By Mustapha Darboe
The Gambia government has denied claims that it has violated an agreement reached between the UN and Ecowas over the fate of the properties of former President Yahya Jammeh.
On January 21, Ecowas halted military operations in The Gambia in honour of a purported 14-point agreement made with Jammeh part of which deals with the fate of his assets.
The specific clause in the agreement reads: “Ecowas, the AU and the UN commit to work with the Government of The Gambia to prevent the seizure of assets and properties lawfully belonging to former President Jammeh or his family and those of his cabinet members, government officials and party supporters, as guaranteed under the Constitution and other Laws of The Gambia.”
Following the recent court freezing of the assets of Jammeh, supporters of the former president said the actions were in violation of the deal Jammeh reached with the regional authorities and the UN.

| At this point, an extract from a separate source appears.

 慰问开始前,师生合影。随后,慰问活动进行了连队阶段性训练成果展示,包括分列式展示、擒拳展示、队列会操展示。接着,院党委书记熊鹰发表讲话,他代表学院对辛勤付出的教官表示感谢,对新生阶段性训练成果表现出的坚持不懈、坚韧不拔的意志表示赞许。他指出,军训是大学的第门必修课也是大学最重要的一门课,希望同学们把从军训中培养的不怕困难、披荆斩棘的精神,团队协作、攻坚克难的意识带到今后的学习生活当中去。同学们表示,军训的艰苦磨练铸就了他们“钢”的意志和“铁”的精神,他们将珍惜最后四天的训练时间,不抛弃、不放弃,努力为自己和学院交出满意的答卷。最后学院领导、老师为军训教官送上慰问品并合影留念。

However Demba Jawo, spokesperson of Gambia government and Minister of Information, said the freezing of the assets of Jammeh was meant to ascertain if they lawfully belong to him and not to illegally take them from him.

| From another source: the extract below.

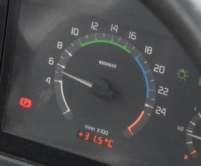 Otáčkomer moderných nákladných automobilov a autobusov má štyri polia:

“That section says assets lawfully belonging to the former president. So the government has not taken over his properties just yet. The injunction was meant to make it impossible for anyone to use them until it is confirmed that the president acquired them lawfully,” Jawo said.

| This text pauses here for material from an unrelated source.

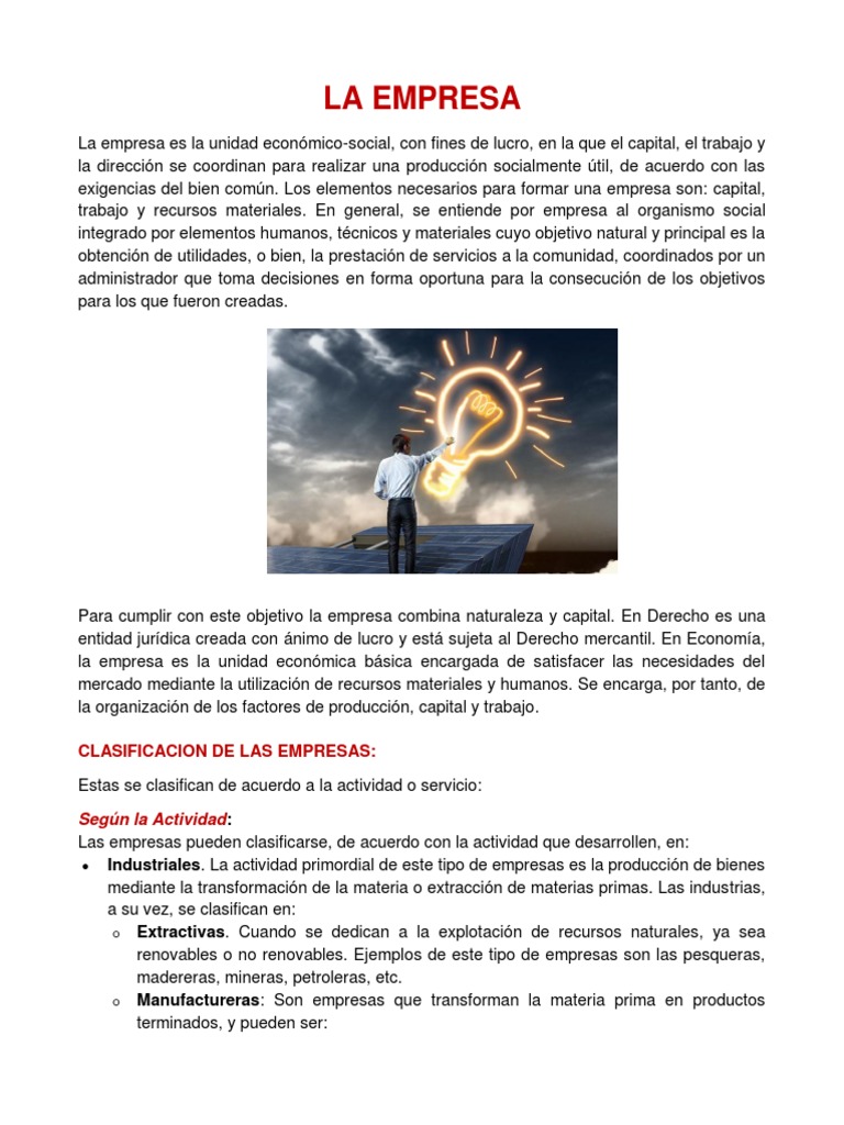 La empresa es la unidad econmico-social, con fines de lucro, en la que el capital, el trabajo y

He added: “Government is just launching an inquiry into his assets, until they can determine that the assets were lawfully acquired or not. That was why the court order was sought to freeze them. If they were found to have been lawfully belonging to him, they will be returned.”
Meanwhile Kouider Zerrouk, the spokesperson of Mohamed Ibn Chambas, the West Africa representative for the United Nations secretary general was also contacted over the matter. However the UN man referred The Standard to the agreement. .
“There was a communiqué issued by the African Union, Ecowas and the UN about the agreement that has been reached with Jammeh. Everything is in there,” he said.
Further asked whether the agreement is legally binding on all parties to it, the UN man said: “The Gambia is a sovereign state and we can’t tell them what to do.”
Two weeks ago, Justice Minister Tambadou said the move to seek a freeze on Jammeh’s assets was prompted by allegations that Jammeh is connected with the withdrawal of hundreds of millions of dalasis from public accounts specifically from the SSFHC and international call termination fees.
Mai Fatty, the Interior Minister, denied at the time that there was any deal between them and the regional institution over Jammeh’s fate.